What the task asks> Using the records that follow, reproduce exactly the lines starting at the line containing "An 18th Century" and ending at the line containing "SuperFocus d’AOR fournit". Include both end lines and no pictures.

Input records>
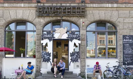 Cafe und Bar Baustelle im Hotel Michelberger im Stadtteil Friedrichshain
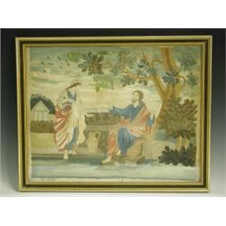 An 18th Century silkwork and woolwork picture of a biblical scene, inscribed to the border 'An...
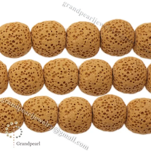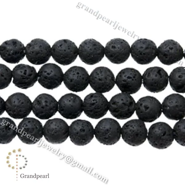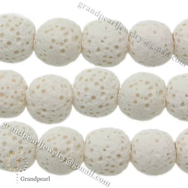 14mm_ white smooth round beads Lava Necklace
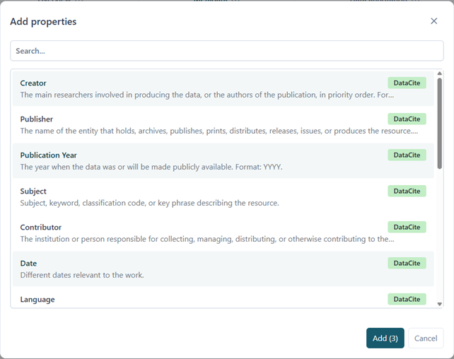 Each project has its own general metadata that can be entered in the Metadata tab, as shown above. By default, only a small number of available properties will be shown, but more can be added by clicking on the little + sign in the lower right corner. You can select the properties you want to add to your project. By clicking on this +, a pop up will provide you with the following dialog:
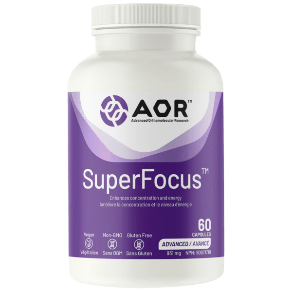 SuperFocus d’AOR fournit des extraits végétaux cliniquement testés tels que la rhodiola, le bacopa et le Panax ginseng pour stimuler la vigilance. Ce produit contient également de la caféine isolée du thé vert qui améliore la concentration, et de l’acide aminé L-théanine qui procure des effets calmants.
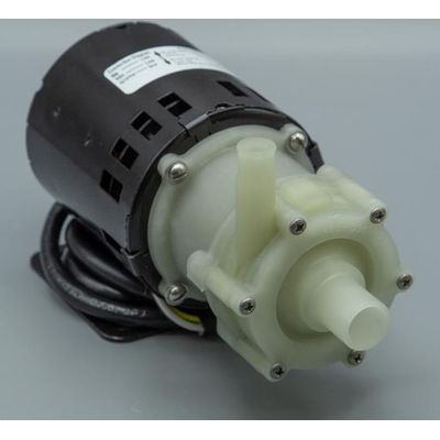 March Pump’s industrial 2CP-MD is an American submersible seal-less centrifugal magnetic drive pump. It is capable of generating a maximum flow of 5 gallons per minute at 1 foot, and its maximum head is 13 Feet (5.5PSI). The 2CP-MD pump must be used submerged. The standard wet end (the materials that come into contact with the solution) is composed of Polypropylene, Viton, Stainless Steel, Ceramic, and Ceramic Magnet.
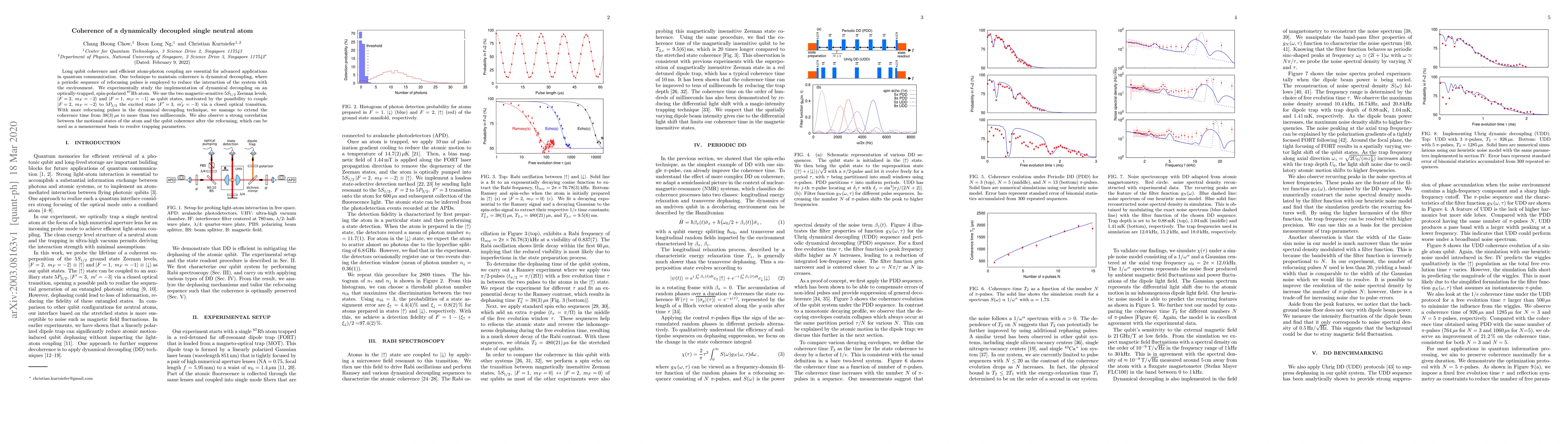 This research investigates the use of dynamical decoupling to enhance the coherence time of a single neutral atom qubit in a $^{87}$Rb atom, achieving a coherence time of over two milliseconds. The study also finds a significant correlation between the atom's motional states and qubit coherence, which can help determine trapping parameters.
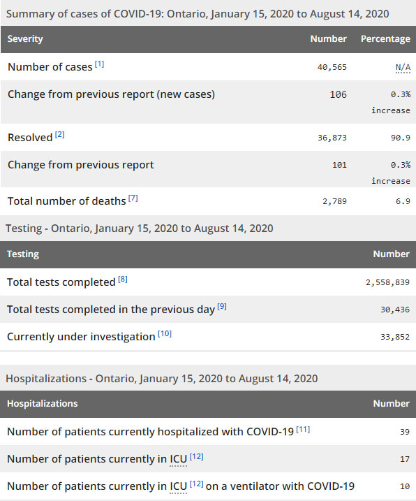 再看看安省方面的详细数据,截止8月14日,安省已对2558839例行了新冠病毒检测(检测数较昨天新增30436),还有33852处于被调查阶段。确诊总数40565(较昨天新增106,确诊率上升至0.35%),包括36873例康复(康复率仍为90.9%)、2789例死亡(截止8月15日死亡2827例,这是CBC统计的最新死亡数据,死亡人数较昨天没有增加,死亡率仍为7.0%)。住院患者39例(减少2);进入ICU患者17例(未变);IU插呼吸机患者10例(增加1)。

Answer space>
 An 18th Century silkwork and woolwork picture of a biblical scene, inscribed to the border 'An...
 14mm_ white smooth round beads Lava Necklace
 Each project has its own general metadata that can be entered in the Metadata tab, as shown above. By default, only a small number of available properties will be shown, but more can be added by clicking on the little + sign in the lower right corner. You can select the properties you want to add to your project. By clicking on this +, a pop up will provide you with the following dialog:
 SuperFocus d’AOR fournit des extraits végétaux cliniquement testés tels que la rhodiola, le bacopa et le Panax ginseng pour stimuler la vigilance. Ce produit contient également de la caféine isolée du thé vert qui améliore la concentration, et de l’acide aminé L-théanine qui procure des effets calmants.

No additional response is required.